As we have already seen from executive orders and memos, the Biden Administration will surely provide plenty of contrasts with the Trump Administration on the regulatory front. And while there is a general expectation that the new administration will seek to broadly restore Obama-esque regulatory actions, there will also be areas where it charts its own course. Since the American Action Forum (AAF) RegRodeo data extend back to 2005, it is possible to provide weekly updates on how the top-level trends of President Biden’s regulatory record track with those of his two most recent predecessors. The following table provides the cumulative totals of final rules containing some quantified economic impact from each administration through this point in their respective terms.

For the first time in a while, the Biden final rule tally saw a significant shift with $799 million in net cost reductions. The main reason for this was a Department of Transportation rule regarding “Occupant Protection for Vehicles With Automated Driving Systems [ADS].” The rule “will eliminate the need for ADS-equipped-vehicle manufacturers to equip vehicles with redundant manual driving controls in vehicles that do not have manual driving capabilities,” and thus, as more of such vehicles come online, will provide covered manufacturers $900 million in net cost savings due to the ability to forgo installing such features.

The other notable shifts across the covered administrations came from the Obama-era cost and paperwork totals, increasing by $873 million and 1.8 million hours respectively. The cost figure increase was largely the result of a rule involving “Electronic Prescriptions for Controlled Substances.” Paperwork surged primarily from an EPA rule regarding the Renewable Fuel Standard.


This week, the Occupational Safety and Health Administration (OSHA) revamps an Obama-era reporting requirement scaled back by the Trump Administration.

On March 30, OSHA published a proposed rule in the Federal Register titled “Improve Tracking of Workplace Injuries and Illnesses.” Devoted workplace safety regulation enthusiasts may find the title familiar – this is the third consecutive administration to publish a similarly titled rule.

The rule was first published by the Obama Administration in 2016. It modified OSHA’s workplace injury and illness report regulations to require certain companies to submit data from three longstanding OSHA forms to OSHA electronically. OSHA’s goal was to establish a publicly available database that would include establishment-specific injury data. OSHA believed the data would improve its own enforcement and injury-mitigation efforts, and would also benefit researchers, consumer groups, and customers. Critics countered that the specificity of the data without proper context could lead users to draw erroneous conclusions regarding a company’s safety program.

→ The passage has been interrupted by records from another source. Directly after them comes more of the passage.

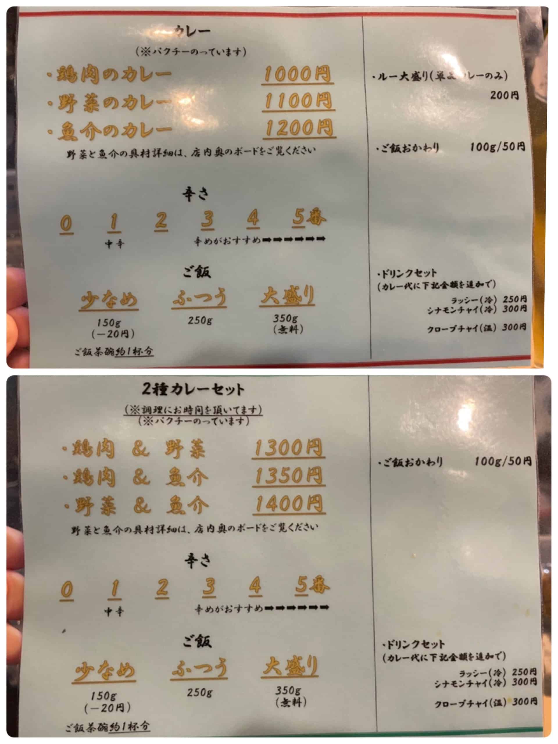 辛さは、0~5まで選べ、ご飯は大盛り無料、少な目は20円引き。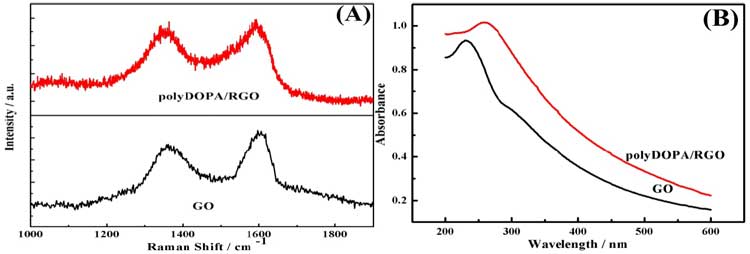 图1: GO和polyDOPA/RGO的拉曼和紫外光谱
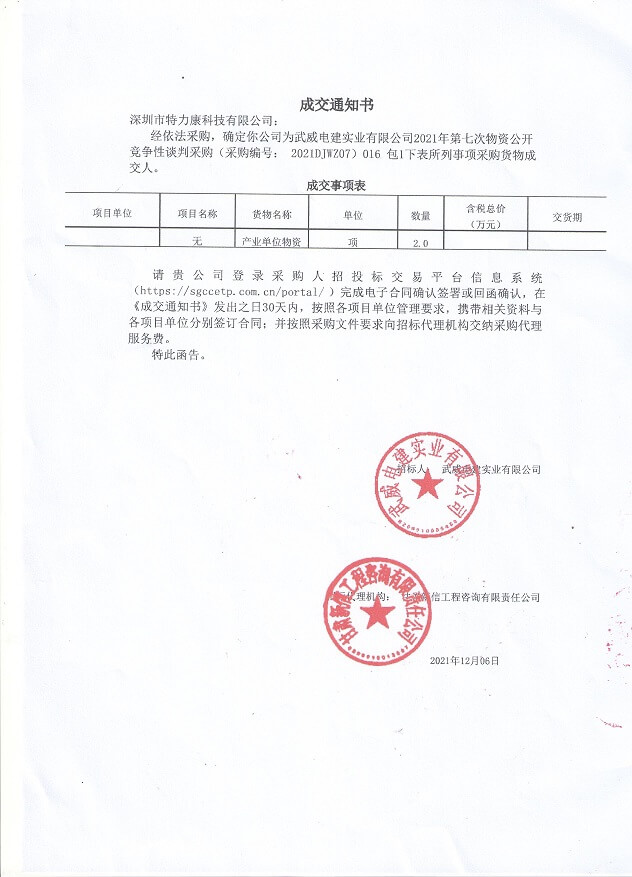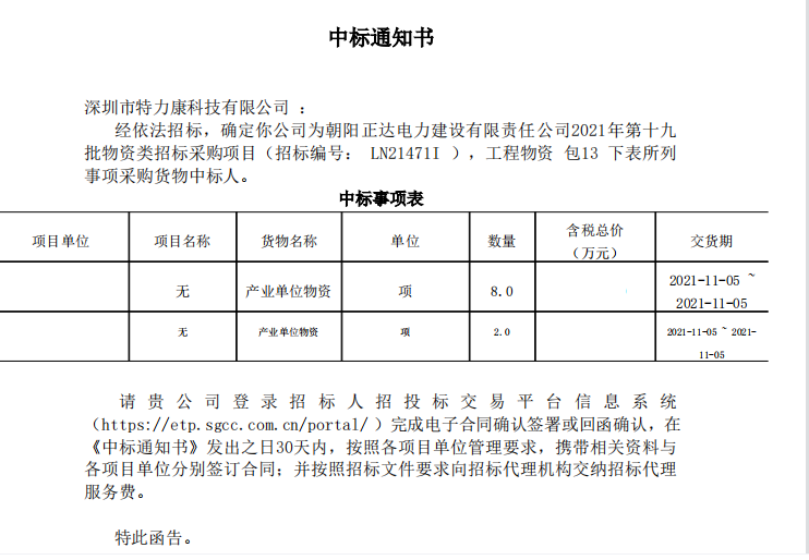 特力康中標國網黑龍江送變電工程公司的2024年度第18次物資類競爭性談判采購項目——慶陽驅鳥器物資框 特力康中標國網甘肅省電力公司省管產業單位2024年第五次物資競爭性談判授權采購項目 中標喜訊:深圳市特力康科技有限公司成功入圍許繼集團綜合能源公司輸電線路視頻在線監測裝置模塊集采項目 中標喜訊:特力康成功中標國網重慶市電力公司渝中一片區項目 特力康成功中標國網天津市電力公司2024年第二次?物?資招標項目 特力康中標國網安徽省電力有限公司蕪湖供電公司2024年3月非物質采購項目 四川電力用特力康架空輸電線路山火監測裝置,筑牢林區輸電 “防火墻”? 遼寧電力啟用特力康多視角監拍裝置,全維度守護輸電安全? 破解黃土高原沉降難題:山西電力用特力康北斗裝置守桿塔安全? 山東電力啟用特力康動態版智能激光驅鳥器,動態防控守護變電站安全? 湖南超高壓電力啟用特力康球機 AI 監測裝置,智能守護輸電通道安全? 廣西電力啟用特力康高壓電纜護層環流監控設備,筑牢電纜安全防線? 山東電力用上特力康綜合驅鳥器,多手段守護變電站安全? 陜西電力啟用特力康智能預警系統,多維監測守護輸電安全? 寧夏配電線路安裝了我司防外破電子化智能警示牌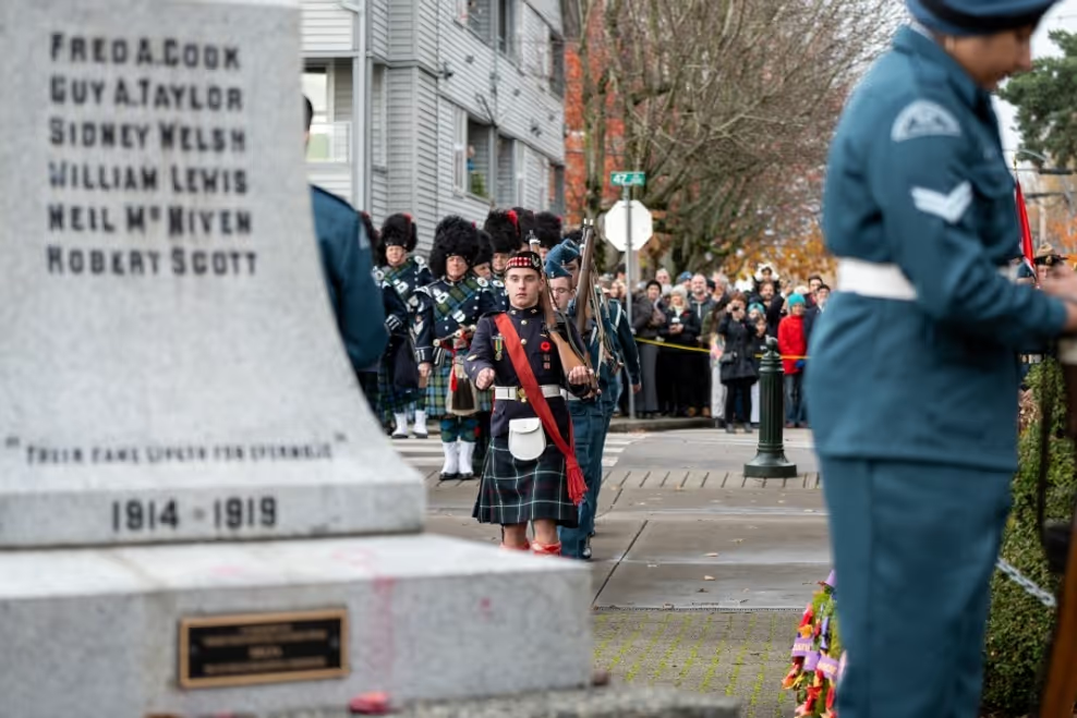 高贵林的纪念日仪式和游行由高贵林皇家加拿大军团第 263 分会主办,向公众开放,以表达敬意。游行队伍将于上午 10:30 左右从 Como Lake 中学出发,沿温斯洛街(Winslow Street)蜿蜒前往蓝山公园(Blue Mountain Park)退伍军人路(Veterans Way)上的纪念碑,仪式将于上午 11点 左右开始。

The Trump Administration dialed back the requirement (and removed the word “Improve” from the title) in 2019 and limited the electronic reporting to just one form, a summary without potentially identifying information about the people involved in a workplace injury or illness. The information remained establishment-specific, however. The move was justified on the basis that removing identifying information was too costly to the agency and that the “risk to worker privacy outweighs the data’s uncertain incremental benefits to enforcement.”

The Biden Administration’s OSHA is now proposing to extend the electronic reporting requirement back to the original three forms and to employers in certain industries with 100 or more employees, rather the Obama-era 250 or more employees. The Biden Administration has dismissed the Trump Administration’s justification as “no longer compelling.” OSHA now says that “improved technology used to protect sensitive employee data will reduce costs and resource-allocation issues for OSHA by eliminating the need to manually identify and remove information that reasonably identifies individuals directly from submitted data.”

OSHA estimates the rule will cost the private sector about $3.9 million per year for 10 years.


Since January 1, the federal government has published $26.8 billion in total net costs (with $5.2 billion in new cost savings from finalized rules) and 19.8 million hours of net annual paperwork burden increases (with 2.9 million hours in increases from final rules).